Overview

The goals of this clinical study are to learn more about the safety and dosing of the study drug, sacituzumab govitecan-hziy, in participants with solid tumors and moderate liver problems.

Eligibility

Key Inclusion Criteria for all Individuals:

• Histologically confirmed advanced or metastatic solid tumor that is measurable or nonmeasurable.
• Eastern Cooperative Oncology Group (ECOG) performance status score of 0, 1, or 2.
• Adequate hematologic counts without transfusional or growth factor support within 2 weeks of study drug initiation (hemoglobin ≥ 9 g/dL, absolute neutrophil count (ANC) ≥1,500/mm\^3, and platelets ≥ 100,000/ μL).
• Creatinine clearance ≥ 30 mL/min as assessed by the Cockcroft-Gault equation.

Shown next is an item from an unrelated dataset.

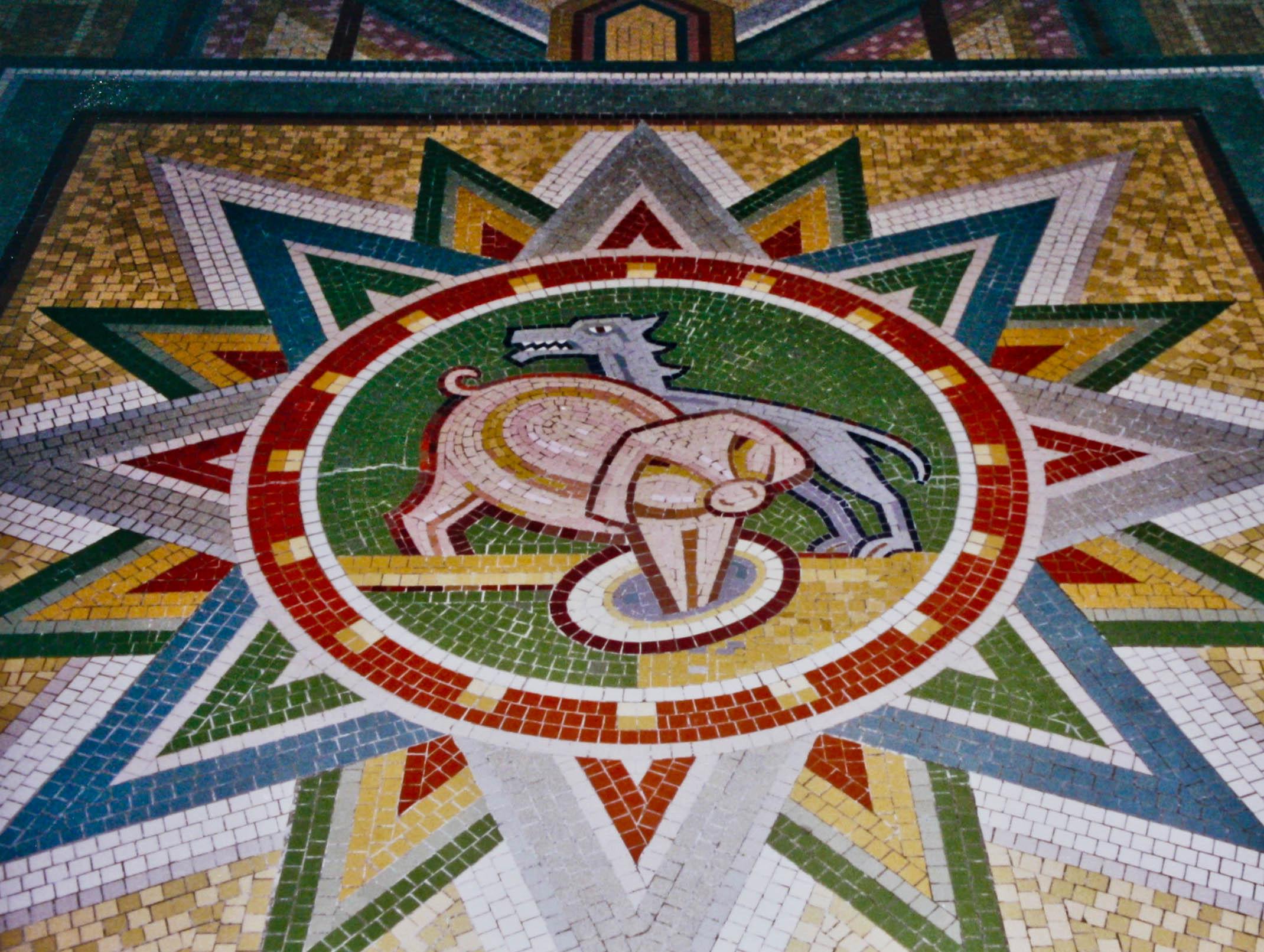 On my way to the lower level, I paused at a statue of St. Anne, where a pile of notes was mounting—prayers and requests from countless pilgrims asking for salvation from whatever ailed them. And if the statue wasn’t enough to get them close to the venerated saint, the basilica houses four of Anne’s relics, including a finger bone and a wrist bone. Downstairs, past the striking replica of Michelangelo’s Pietà, I entered the Immaculate Conception Chapel, large enough to be a church in its own right, which offers visitors a quieter place of reflection than upstairs. Of course, not everything here is so serious. As I sat in one of the pews, I spied some of the 176 small, simple, and colorful mosaic column capitals of butterflies, flowers, and birds. Back upstairs, I strolled down the central aisle, ticking off each of the seven deadly sins represented almost playfully in mosaic on the floor. I found the basilica’s most whimsical feature carved into the end of each pew—a total of 260 different animals and plants, and not just biblical ones. Other than perhaps a Noah’s ark reference, it was the first time I ever saw a giraffe or a penguin in a church.

Key Inclusion Criteria for Individuals with Normal Hepatic Function:

• Normal hepatic function (total bilirubin ≤ ULN and aspartate aminotransferase (AST) ≤ 3.0× ULN).

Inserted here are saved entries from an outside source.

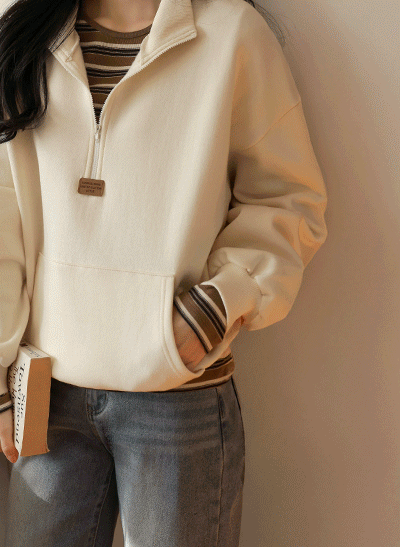 편하게 입기 좋은 반집업 디자인에 레더패치 장식으로 포인트가 되어주는 아이템이에요 움직임이 편안 넉넉한 핏에 스트링디테일로 캐주얼하게 입으시기 좋답니다 -
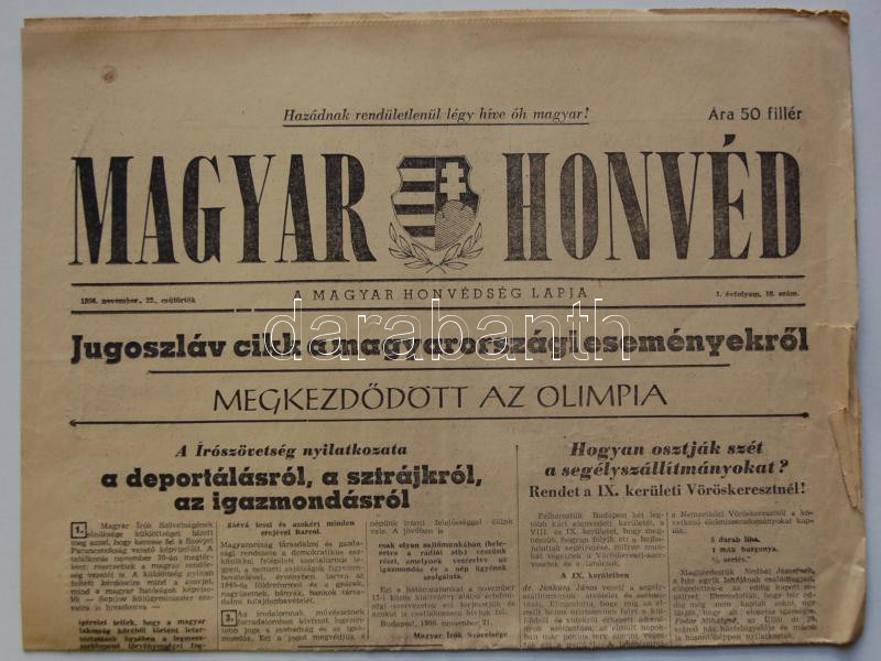 1956. november 22. I. évf. 10.szám Magyar Honvéd. A Magyar Honvédség l... https://www.darabanth.com/de/158-Fernauktion/158.0/Andere-Sammelgebiete/Historische-Dokumenten-Handschriften~177/1956-november-22-I-evf-10szam-Magyar-Honved-A-Magyar-Honvedseg-lapja-Benne-a-forradalom-~II498374
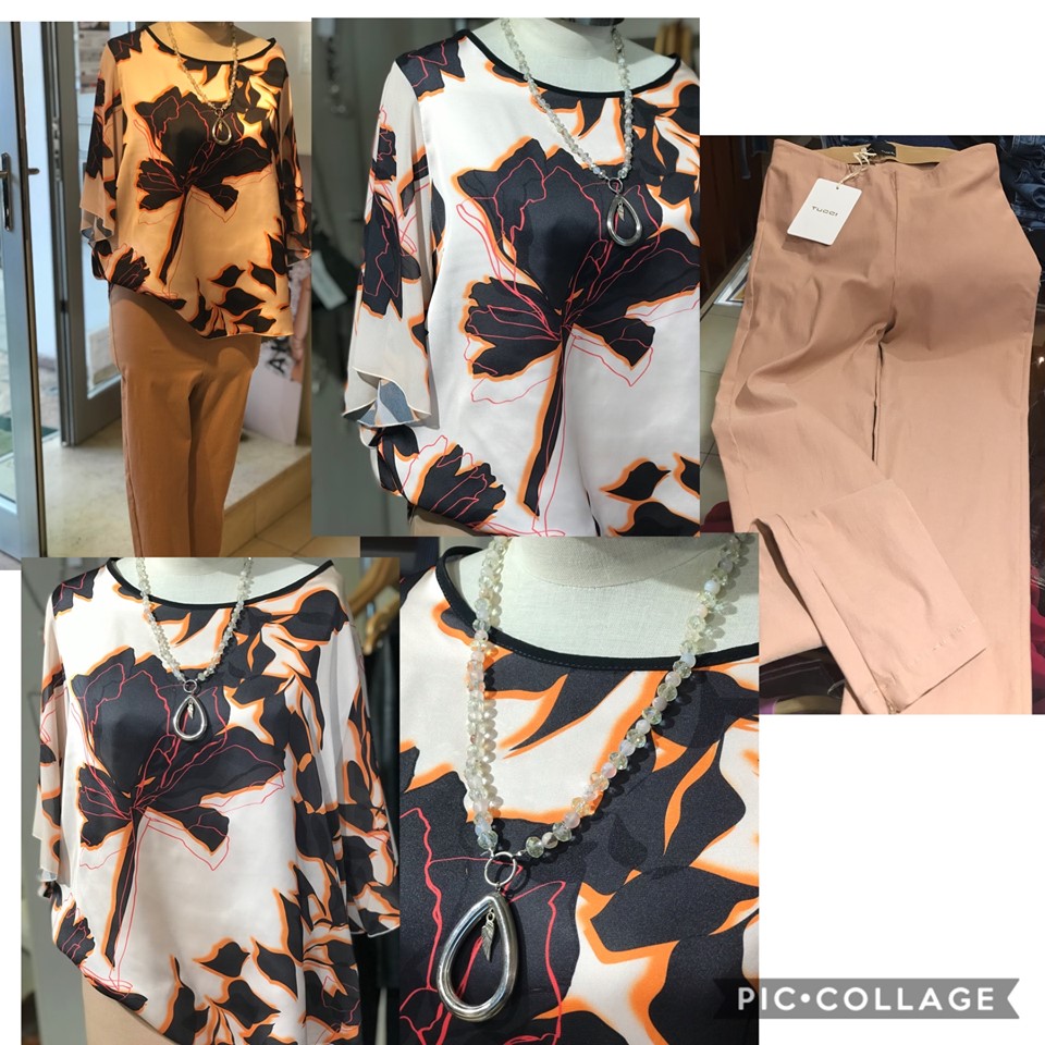 Hoy en su micro Femme nos presenta su nueva temporada otoño-invierno con un conjunto de mucha tendencia pero muy amortizable y que se puede combinar fácilmente con otras prendas. Ademas si bien el mismo es para la época que se avecina el modelo y los colores son clásicos que los usaremos siempre y que se prestan para cualquier ocasión, incluso para llevar un día de calor como el de hoy. El look de hoy esta pensado para una salida mas arreglada o formal que puede ser tanto diurna como nocturna y se compone de: -una blusa de satén de fondo beige con una estampa de flores bien grande en color negro, las cuales tienen los bordes en color naranja y rojo. Las mangas son de gasa, cortas y bien amplias (tipo murciélago). Su cuello es redondo y el largo es aproximadamente a la cadera. -un pantalón de bengalina elastizada en color beige, el cual brinda muchísima comodidad para movernos. El mismo es chupin y llega al tobillo donde tiene un cierre que permite abrir o cerrar para pasar el pie y para que se luzca el calzado. La cintura es bastante alta y tiene un elástico para que nos lo pongamos como si fuera una calza. Para finalizar elegimos un collar que llega a la altura del pecho, de piedras pequeñas, transparentes y en color rosa que se mimetiza con la blusa y que finaliza en un dije en forma de gota en color plata, aunque como siempre decimos podemos optar por otro collar mas llamativo o de otro color ya que con estos tonos podemos llevar dorados, negros, naranjas,etc, y también usar otros accesorios como aros, pulseras o pañuelos (estos que sean lisos). En cuanto al calzado pueden llevar desde sandalias, chatitas, botas cortas, borceguís, etc.
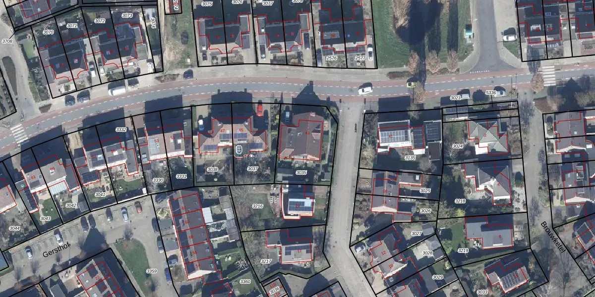 Gebruik de zoekbalk of klik op een perceel voor informatie over de adressen binnen dit perceel.

Key Inclusion Criteria for Individuals with Moderate Hepatic Function:

• Moderate hepatic impairment (1.5 × ULN \< total bilirubin ≤ 3.0 × ULN and any level of AST).
• For individuals with hepatic encephalopathy, the condition does not, in the Investigator's opinion, interfere with the individual's ability to provide an appropriate informed consent.

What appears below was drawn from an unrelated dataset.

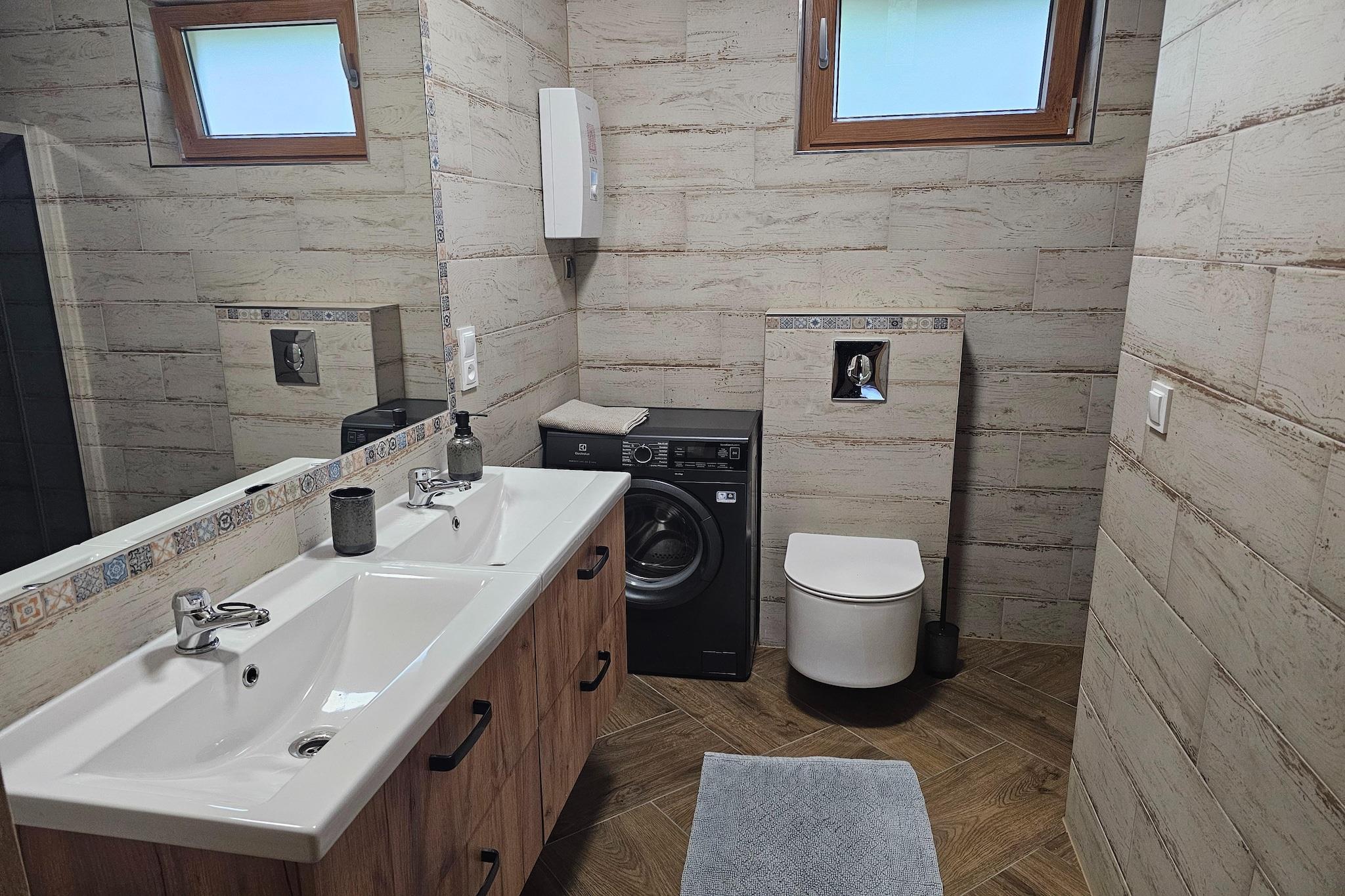 Einstöckiges Ferienhaus direkt am Ufer des Wierzchowo-Sees (Landschaftsschutzgebiet). Auf dem Privatgrundstück befinden sich insgesamt 2 identische Häuser, deren Gästen 1 Hektar eingezäuntes Gelände (inkl. 200 m Privatstrand am See) zur Verfügung steht. Das komfortable Ferienhaus bietet einen großzügigen Wohnraum (Kamin, Sat-TV, Schlafcouch, großer Tisch) mit direktem Blick auf den See. Das Wohnzimmer ist mit einer gut ausgestatteten Küche verbunden. Das Haus verfügt über 3 separate Doppelschlafzimmer und 2 Badezimmer mit Duschen (eines davon hat auch eine Waschmaschine). Das Ferienhaus verfügt über eine überdachte Terrasse mit Gartenmöbeln. Der Blick auf den See von der Terrasse ist ebenso malerisch wie der vom Wohnzimmer. Das Haus wird durch einen Kamin im Wohnzimmer beheizt (dies ist eine effiziente Heizquelle). WLAN ist verfügbar. Am Privatstrand gibt es einen Grillplatz und einen Angelsteg, außerdem liegen dort mehrere Ruderboote vor Anker. Die Nutzung des Bootes ist kostenlos, eine Reservierung beim Eigentümer ist jedoch erforderlich. Gegen eine zusätzliche Gebühr können Sie einen Bootsmotor mieten. Sie können beim Eigentümer der Unterkunft auch Fahrräder mieten. Im Preis Ihres Aufenthalts inbegriffen: Bettwäsche, Handtücher, Strom- und Wasserverbrauch, Brennholz, Endreinigung, Internet, Parkplatz. Im Preis inbegriffen ist auch die Nutzung eines Ruderbootes, hierfür ist jedoch eine vorherige Reservierung erforderlich. Hochstuhl nach vorheriger Reservierung kostenlos erhältlich. Der Wierzchowo-See ist ein Paradies für Angler. Der Stausee hat eine Fläche von 750 Hektar. Das Wasser ist kristallklar, sodass der See auch für Badefreunde äußerst einladend ist. Der Eigentümer des Grundstücks wohnt im Zentrum des Dorfes Grabczyn, ca. 3 km vom See entfernt. Zu den Einrichtungen vor Ort gehören ein Tennisplatz und eine Tischtennisplatte (gegen Gebühr).

Key Exclusion Criteria for all Individuals:

• Have poor venous access.
• Donated or lost 500mL or more of blood volume (including plasmapheresis) to plans to donate during the study.
• Have had a prior anticancer biologic agent within 4 weeks prior to Day 1 or have had prior chemotherapy, targeted small molecule therapy, or radiation therapy within 2 weeks prior to Day 1 and who have not recovered (i.e., ≤ Grade 1) from adverse events (AEs) at the time of study entry. Individuals participating in observational studies are eligible.
• Had prior treatment with irinotecan within 4 weeks prior to Day 1.
• Have not recovered (i.e., ≤ Grade 1) from AEs due to a previously administered agent.
• Have an active second malignancy.
• Have known active central nervous system (CNS) metastases and/or carcinomatous meningitis. Individuals with previously treated brain metastases may participate provided they have stable CNS disease for at least 4 weeks prior to the first dose of study drug and all neurologic symptoms have returned to baseline, have no evidence of new or enlarging brain metastases, and are taking \< 20 mg/day of prednisone or its equivalent. All individuals with carcinomatous meningitis are excluded regardless of clinical stability.
• Have history of cardiac disease.
• Have active chronic inflammatory bowel disease (ulcerative colitis or Crohn's disease) or gastrointestinal (GI) perforation within 6 months of enrollment.
• Have active serious infection (Contact medical monitor for clarification).
• High-dose systemic corticosteroids (≥20 mg of prednisone or its equivalent) are not allowed within 2 weeks of Check-In. However, inhaled, intranasal, intra-articular, and topical steroids are allowed.
• Use of strong inhibitor or inducer of UGT1A1.
• Have a known history of Gilbert's disease.

Key Exclusion Criteria for Individuals with Normal Hepatic Impairment:

• Must have pre-existing condition interfering with hepatic and/or renal function that could interfere with the metabolism and/or excretion of the study drug.

Key Exclusion Criteria for Individuals with Moderate Hepatic Impairment:

• Had a significant clinical exacerbation of liver disease symptoms within the 2-week period before administration of study drug (i.e., abdominal pain, nausea, vomiting, anorexia, or fever).
• Had clinically demonstrable, tense ascites.
• Had evidence of acute viral hepatitis within 1 month prior to administration of study drug.
• Have evidence of hepatorenal syndrome.
• Individuals with transjugular intrahepatic portosystemic shunt (TIPS) placement.
• Have active Stage 3 or 4 encephalopathy.